C’est une famille de virus à laquelle appartient le Covid‐19, apparu pour la première fois en Chine et désormais presque partout dans le monde.

Quels symptômes ?
Les premiers symptômes de la maladie sont la fièvre, une toux sèche ou encore des difficultés respiratoires.

Qui est touché ?
Les personnes âgées et celles souffrant d’antécédents médicaux sont les plus menacées, mais le virus touche petit à petit toutes les tranches d’âge.

Quelles décisions ont été prises par le président de la République ?
Emmanuel Macron a pris la décision d’un confinement quasi‐total de la population.

Quelles sont les mesures sanitaires prises par les autorités ?
Les déplacements sont contrôlés et limités au travail, rendez‐vous médicaux, ou courses de première nécessité (alimentation, pharmacie…).

Quid des mesures économiques ?
Plusieurs mesures économiques ont été prises par l’exécutif afin de limiter l’impact sur les entreprises et les salariés.

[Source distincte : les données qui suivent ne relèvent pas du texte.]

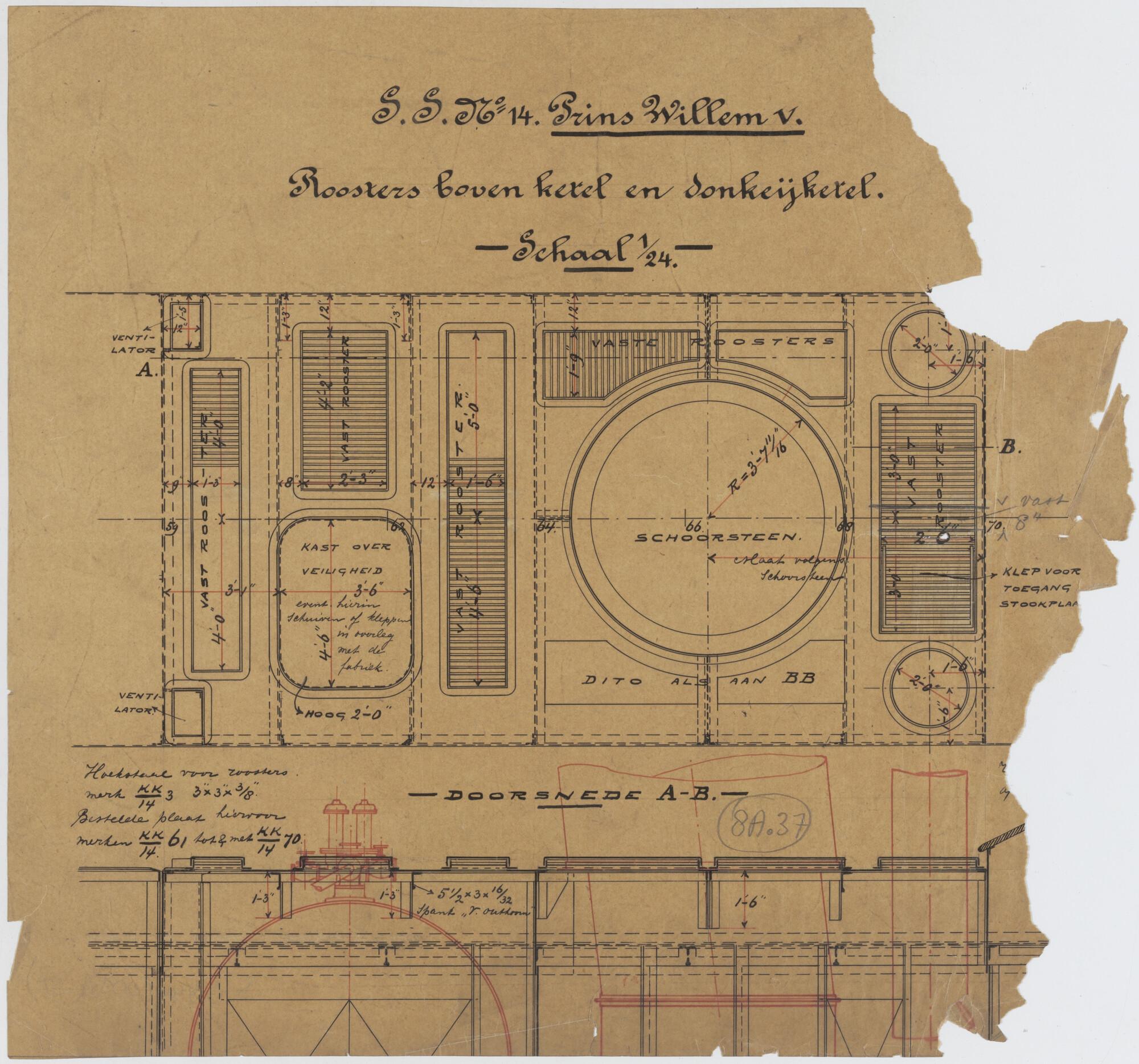 Roosters boven ketel en donkeyketel van het passagiersschip ss. Prins Willem V voor de KWIM.

Quels sont les gestes à adopter au quotidien ?
Lavez‐vous les mains, évitez tout contact physique et toussez ou éternuez dans votre coude ou un mouchoir à usage unique.

Que faire en cas d’apparition de symptômes ou d’infection ?
Privilégiez l’appel à un médecin traitant avant d’utiliser les numéros d’urgence.

Existe‐t‐il des médicaments ou un vaccin contre le Covid‐19 ?
Il n’existe pour le moment aucun vaccin ou médicament pour se prémunir contre le Covid‐19, ou pour le soigner.

Quels sont les numéros utiles ?
Le gouvernement a mis en place un numéro vert 24h/24 et 7j/7 pour toutes vos questions portant sur le virus : 0 800 130 000.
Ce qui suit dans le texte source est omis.